2014-04-25

fandomnumbergenerator: i might be (Default)
2014-04-25 03:14 pm

In response to the responses

"its kinda scary how your whole life depends on how well you do as a teenager"

I (and pretty everyone I knew with my same background) certainly had the freedom to fuck up.  Drink.  Do drugs. Sell drugs. Dye their hair. Take classes in Madonna. Or the aesthetics of disgust. Skip some classes.  Change majors.  Several times.  Drop out of college and go back later.  Spend all their time at college almost failing out because they’re doing too much theater tech and then start a successful business doing theater lighting. Drop out multiple times, turn their apartment into a grow room, realize they can’t be a giant fuck-up and still make money selling weed, stop doing acid, go back to school and 15 years later being making good money as a computer programmer.  Get a degree in communications and then go back to school and become a neurologist. Go to Harvard law school and later decide they hate being a lawyer, then become a rabbi. etc. etc.

But I don’t think that’s representative.  There are so many things that I did that could have gotten me arrested, and that pretty much would have been the end of it.  Or maybe it wouldn’t have been.  Losing financial aid wouldn’t have automatically barred me from a college education.  But for most people it would.

If you have the safety net and the resources, you can really get away with a lot, and chalk it up to life experience and lessons learned.

Maybe I’ve just been reading too much Carl Hart, Matt Taibbi, Elizabeth Armstrong, etc.

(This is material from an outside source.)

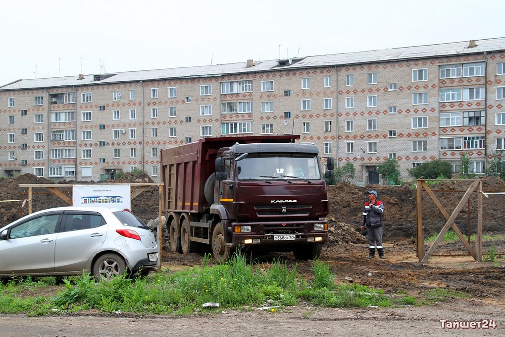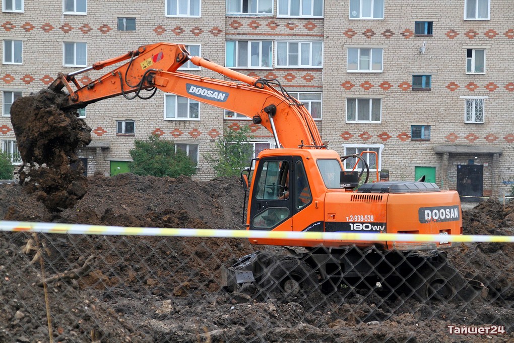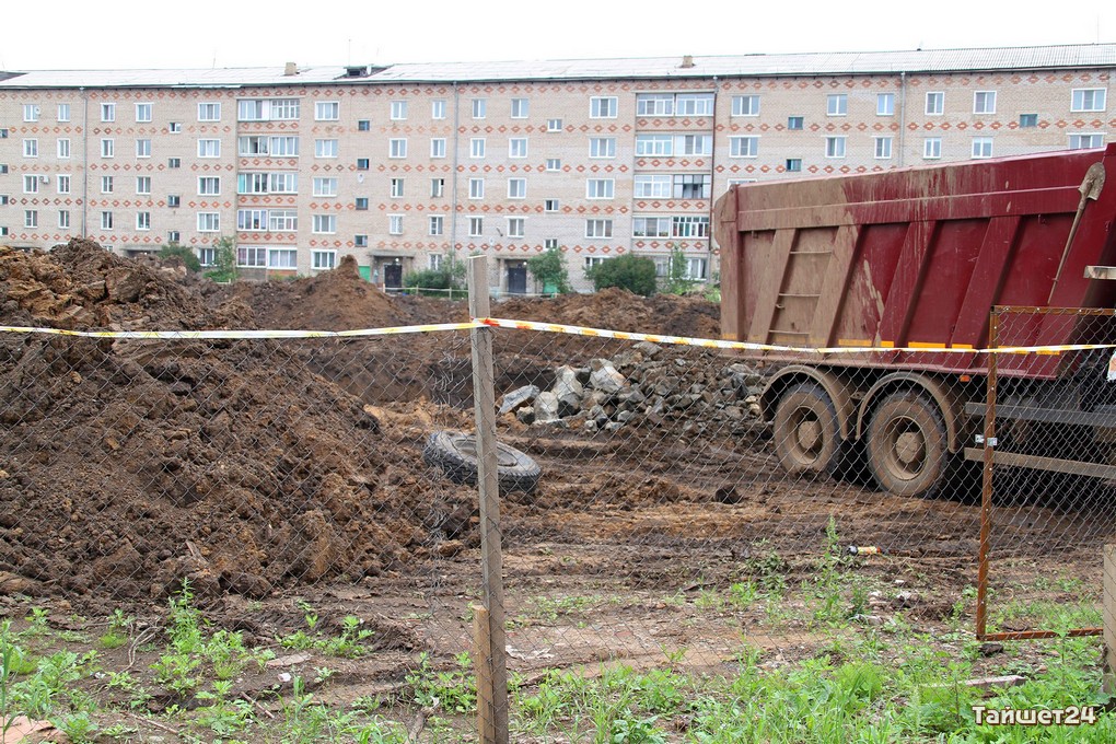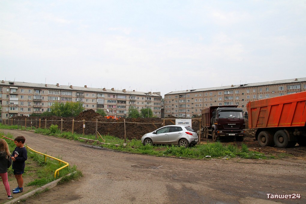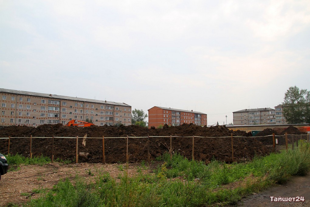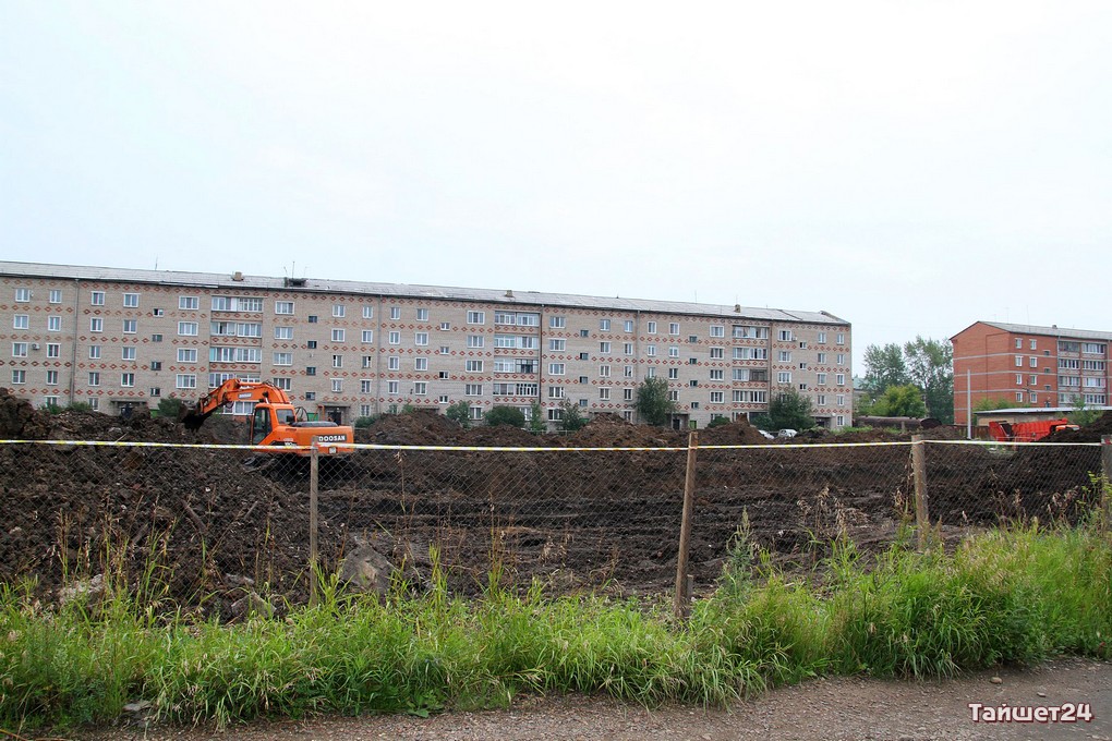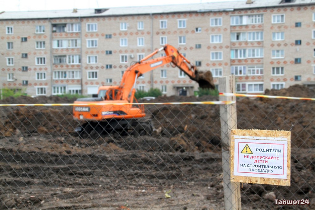 На строительной площадке во дворах домов по улице Зои Космодемьянской в Тайшете, где в итоге должен распахнуть свои двери новый детский сад, ведётся разработка котлована.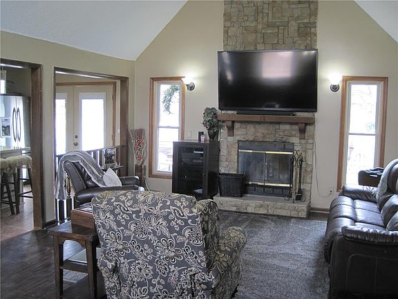 Location! Location! Location! Park Hill School District & walking distance to Zona Rosa. The main level of this raised ranch offers 3 bedrooms, beautifully updated kitchen & 2 baths, great room with wood burning fireplace overlooking the backyard oasis with sparkling above ground pool & hot tub. Family room with 2nd fireplace, den/nonconforming 4th bedroom, 3rd full bath & laundry area round out the lower level. Additional features include newer windows & siding, fresh interior paint, cathedral & vaulted ceilings.

fandomnumbergenerator: i might be (Default)
2014-04-25 03:16 pm

(no subject)

Randomly thinking about Pride and Prejudice while I’m supposed to be re-redoing the figures for my manuscript.  Thinking about Charlotte and how many expectations were placed on her, and how her only way out seemed to be marrying Mr Collins, and whether her life would have been easier if her father has continued to be a merchant instead of taking on the life of the country gentleman. Though the way the Sir Lucas is described has such a tinge of snideness, about his social pretensions and the tackiness of calling his house “Lucas Lodge” that it’s hard to tell what is just Austen’s distaste for active social climbing (as opposed to whatever it is that Elizabeth is doing when she marries Darcy).